The Italian cinema is in a hectic moment, as I believe the films and series here at the Berlinale also signal. It is in search of itself, orphaned of the classic Italian comedy genre, now considered consumable on streaming platforms. We have important authors, surprising debuts, and finally, a great boldness in introducing genres, innovation, and narrative counterattacks in auteur cinema. Today, the audience in theaters mainly asks to be surprised. Old habits no longer hold, especially in communication. Everything has changed.

The European Film Market, one of the top three meeting places of the international film and media industries.

How is the path of the David di Donatello Awards and the innovation you brought? Are you satisfied?

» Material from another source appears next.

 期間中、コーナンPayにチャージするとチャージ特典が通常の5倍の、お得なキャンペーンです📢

I prefer to focus on the Italian Cinema Academy that oversees the David di Donatello Awards. During my mandate, which began in 2018, the Foundation’s mission was to create synergies with all cinema associations, institutions, and professions that are part of the Academy. It’s a common job that extends throughout the year, and through the operation of selection and transparency about the jury and the voting mechanism. It has involved the entire industry. From the Awards Night we expanded to the industry and training, collaborated with the Italian Ministry of Culture – our main financier – producers, distributors, and exhibitors to repopulate theaters post-pandemic, organized the Award’s night even during the lockdown. We arrived at the third edition in partnership with Netflix for the Becoming Maestre mentoring project on female professions in the audiovisual sector. We inaugurated an ambitious cinema project in schools in collaboration with Unita, the association that brings together actors and we anticipated the Oscars in the decision to award Best Casting and also invented the new David Italian Revelations dedicated to under 28s. The digitalization of both the archive and operations was important: the David brand has strengthened, now we need to take a step forward towards innovation, streamlining decision-making processes, and stronger and more aware involvement of the membership.

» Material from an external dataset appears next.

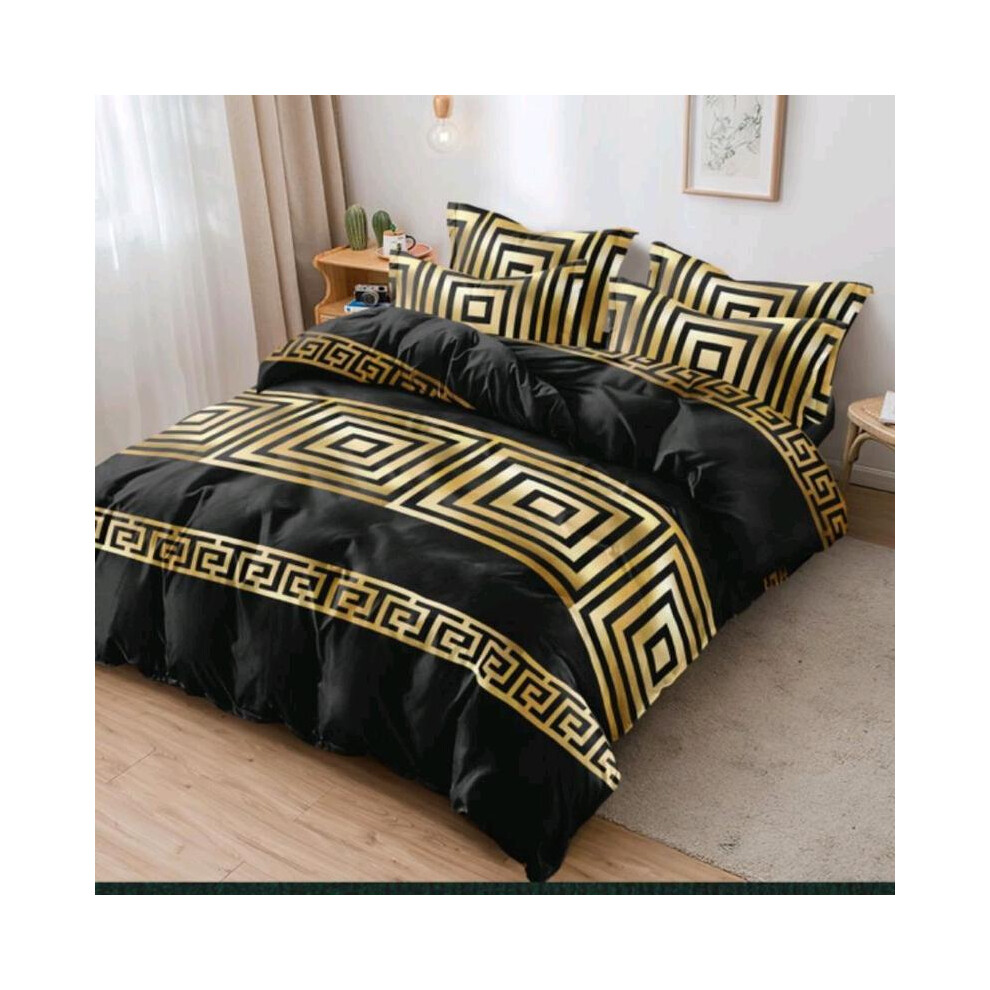 (Marble Black-Gold Bedding, Single) Luxury Greek-Inspired Gold and Silver Square Pattern Bedding Set - 4-Piece

Eyes on the prize: Piera Detassis with the David di Donatello.

What does Italian cinema lack to have an exportable star system?

In my opinion, nothing. We have an extraordinary school of actors, increasingly polyglot. It is essential to break down borders, even at the narrative level, and activate exchanges between authors and international productions. Serials, furthermore, are incubators of new young protagonists and promote our faces abroad. Having said that, the term “star system” is obsolete. Sagas, franchises, superheroes, the spread of platforms have shattered the monolith. The star today is the originality of the story.

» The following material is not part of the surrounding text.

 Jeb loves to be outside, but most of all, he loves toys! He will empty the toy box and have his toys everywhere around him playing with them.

The Italian Pavillion at EFM in Berlin.

Do film festivals still serve a purpose? They seemed outdated, but they are now more essential than ever…

Festivals, special programs, even summer events during the closure and distancing periods represented the point of suture with the public, or rather, with the many diverse audiences. They marked the difference with streaming-only consumption, representing the place of quality, direct interaction with actor or directors, a fundamental guide that, within a trust pact with the viewer, offers a selection of quality that fuels curiosity and discoveries, disappointments, and enthusiasms. Major festivals like Berlinale or Venice also represent the laboratory of the future but in a broad context of community and sharing. Today, festivals are the extended cinema hall.